What you are asked to do >> Could you copy exactly the lines below from the one with "メタセコイアの色が変わると、" to the one with "This stoneware planter", inclusive, leaving out any pictures?

Input material >>
□ □ □ □ □

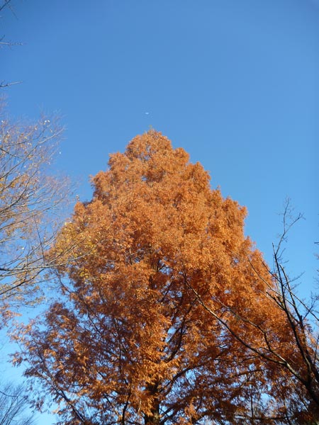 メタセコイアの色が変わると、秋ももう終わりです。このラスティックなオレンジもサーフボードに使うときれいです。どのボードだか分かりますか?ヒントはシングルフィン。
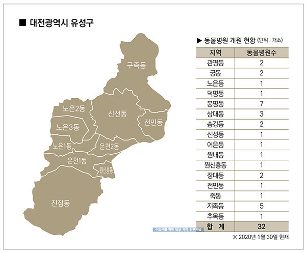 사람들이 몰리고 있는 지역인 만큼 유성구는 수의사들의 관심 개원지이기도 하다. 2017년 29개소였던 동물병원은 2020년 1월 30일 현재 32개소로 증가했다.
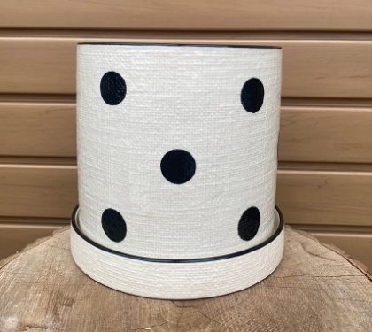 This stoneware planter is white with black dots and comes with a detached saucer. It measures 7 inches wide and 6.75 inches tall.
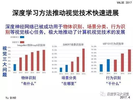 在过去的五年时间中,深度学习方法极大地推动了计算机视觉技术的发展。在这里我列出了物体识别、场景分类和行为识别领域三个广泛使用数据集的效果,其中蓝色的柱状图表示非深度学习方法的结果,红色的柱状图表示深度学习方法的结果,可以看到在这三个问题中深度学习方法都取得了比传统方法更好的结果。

□ □ □ □ □

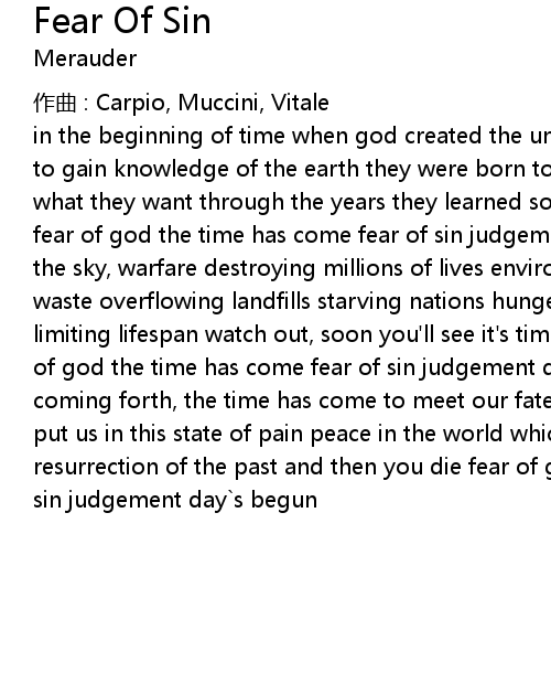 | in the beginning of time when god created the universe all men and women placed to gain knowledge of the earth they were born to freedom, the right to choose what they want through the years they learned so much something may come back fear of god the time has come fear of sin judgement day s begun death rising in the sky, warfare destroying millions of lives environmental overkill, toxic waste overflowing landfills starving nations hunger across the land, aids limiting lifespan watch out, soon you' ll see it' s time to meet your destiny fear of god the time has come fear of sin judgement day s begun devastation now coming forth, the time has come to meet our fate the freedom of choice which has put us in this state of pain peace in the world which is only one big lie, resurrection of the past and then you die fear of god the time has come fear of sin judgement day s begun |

□ □ □ □ □

Finished task >>
 メタセコイアの色が変わると、秋ももう終わりです。このラスティックなオレンジもサーフボードに使うときれいです。どのボードだか分かりますか?ヒントはシングルフィン。
 사람들이 몰리고 있는 지역인 만큼 유성구는 수의사들의 관심 개원지이기도 하다. 2017년 29개소였던 동물병원은 2020년 1월 30일 현재 32개소로 증가했다.
 This stoneware planter is white with black dots and comes with a detached saucer. It measures 7 inches wide and 6.75 inches tall.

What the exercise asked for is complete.